_Dataset extract:_

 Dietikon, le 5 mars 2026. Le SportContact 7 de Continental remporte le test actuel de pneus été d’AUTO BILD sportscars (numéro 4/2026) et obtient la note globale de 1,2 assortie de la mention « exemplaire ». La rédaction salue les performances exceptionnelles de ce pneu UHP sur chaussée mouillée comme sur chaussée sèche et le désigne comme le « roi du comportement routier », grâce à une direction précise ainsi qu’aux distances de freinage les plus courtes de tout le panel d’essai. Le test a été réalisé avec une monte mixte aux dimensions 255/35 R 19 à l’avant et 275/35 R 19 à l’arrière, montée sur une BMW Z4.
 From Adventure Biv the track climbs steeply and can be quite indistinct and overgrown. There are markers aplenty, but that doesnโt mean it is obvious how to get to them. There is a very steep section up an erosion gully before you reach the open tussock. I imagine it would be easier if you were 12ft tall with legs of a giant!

* * *

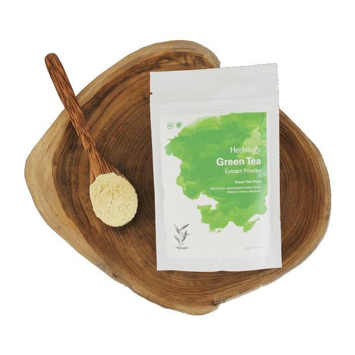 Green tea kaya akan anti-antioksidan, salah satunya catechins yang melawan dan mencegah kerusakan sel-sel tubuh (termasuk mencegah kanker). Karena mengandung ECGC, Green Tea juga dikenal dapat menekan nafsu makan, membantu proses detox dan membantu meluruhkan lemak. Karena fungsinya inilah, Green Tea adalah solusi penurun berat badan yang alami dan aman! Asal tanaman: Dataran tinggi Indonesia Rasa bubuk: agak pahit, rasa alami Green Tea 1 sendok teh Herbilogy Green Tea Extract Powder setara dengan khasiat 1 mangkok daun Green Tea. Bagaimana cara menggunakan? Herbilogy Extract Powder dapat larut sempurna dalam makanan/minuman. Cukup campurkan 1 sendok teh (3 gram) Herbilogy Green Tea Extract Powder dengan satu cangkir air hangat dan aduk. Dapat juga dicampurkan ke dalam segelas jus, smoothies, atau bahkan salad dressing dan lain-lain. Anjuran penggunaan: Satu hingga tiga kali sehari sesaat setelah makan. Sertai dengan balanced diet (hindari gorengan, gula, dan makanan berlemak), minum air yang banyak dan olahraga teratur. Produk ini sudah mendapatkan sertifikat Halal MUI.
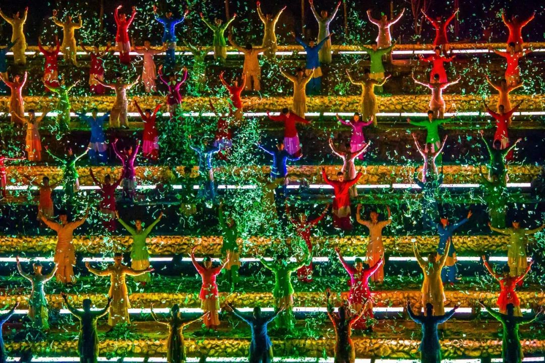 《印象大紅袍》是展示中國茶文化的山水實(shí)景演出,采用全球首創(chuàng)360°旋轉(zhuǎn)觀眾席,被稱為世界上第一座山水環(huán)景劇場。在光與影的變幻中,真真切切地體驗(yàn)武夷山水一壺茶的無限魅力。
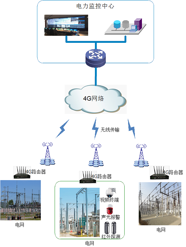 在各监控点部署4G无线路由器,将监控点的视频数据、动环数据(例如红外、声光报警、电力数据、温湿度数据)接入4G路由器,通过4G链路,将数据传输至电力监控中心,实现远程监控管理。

==

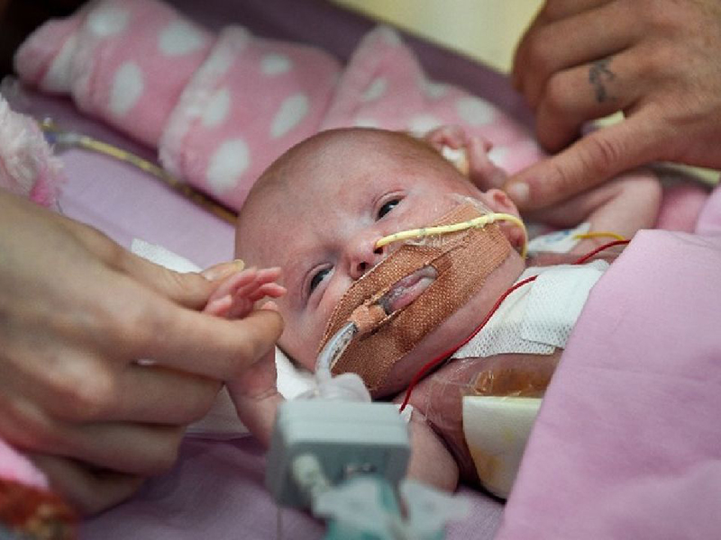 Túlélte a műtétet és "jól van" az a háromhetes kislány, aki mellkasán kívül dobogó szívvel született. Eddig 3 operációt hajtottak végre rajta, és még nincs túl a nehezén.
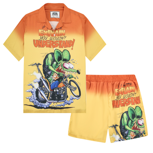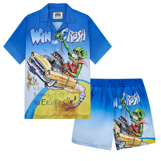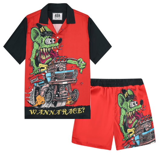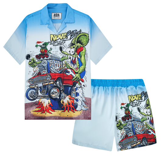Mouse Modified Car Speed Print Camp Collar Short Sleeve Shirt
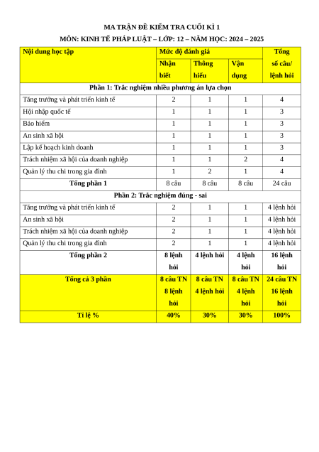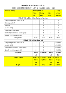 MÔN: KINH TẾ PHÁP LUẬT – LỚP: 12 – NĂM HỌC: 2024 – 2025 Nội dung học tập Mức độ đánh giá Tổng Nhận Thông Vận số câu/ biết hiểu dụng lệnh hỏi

_Activity:_ Among the entries above, the lines between the ones containing "Dietikon, le 5" and "From Adventure Biv", inclusive, are to be transcribed exactly. No other line is to be given.

_Your solution:_
 Dietikon, le 5 mars 2026. Le SportContact 7 de Continental remporte le test actuel de pneus été d’AUTO BILD sportscars (numéro 4/2026) et obtient la note globale de 1,2 assortie de la mention « exemplaire ». La rédaction salue les performances exceptionnelles de ce pneu UHP sur chaussée mouillée comme sur chaussée sèche et le désigne comme le « roi du comportement routier », grâce à une direction précise ainsi qu’aux distances de freinage les plus courtes de tout le panel d’essai. Le test a été réalisé avec une monte mixte aux dimensions 255/35 R 19 à l’avant et 275/35 R 19 à l’arrière, montée sur une BMW Z4.
 From Adventure Biv the track climbs steeply and can be quite indistinct and overgrown. There are markers aplenty, but that doesnโt mean it is obvious how to get to them. There is a very steep section up an erosion gully before you reach the open tussock. I imagine it would be easier if you were 12ft tall with legs of a giant!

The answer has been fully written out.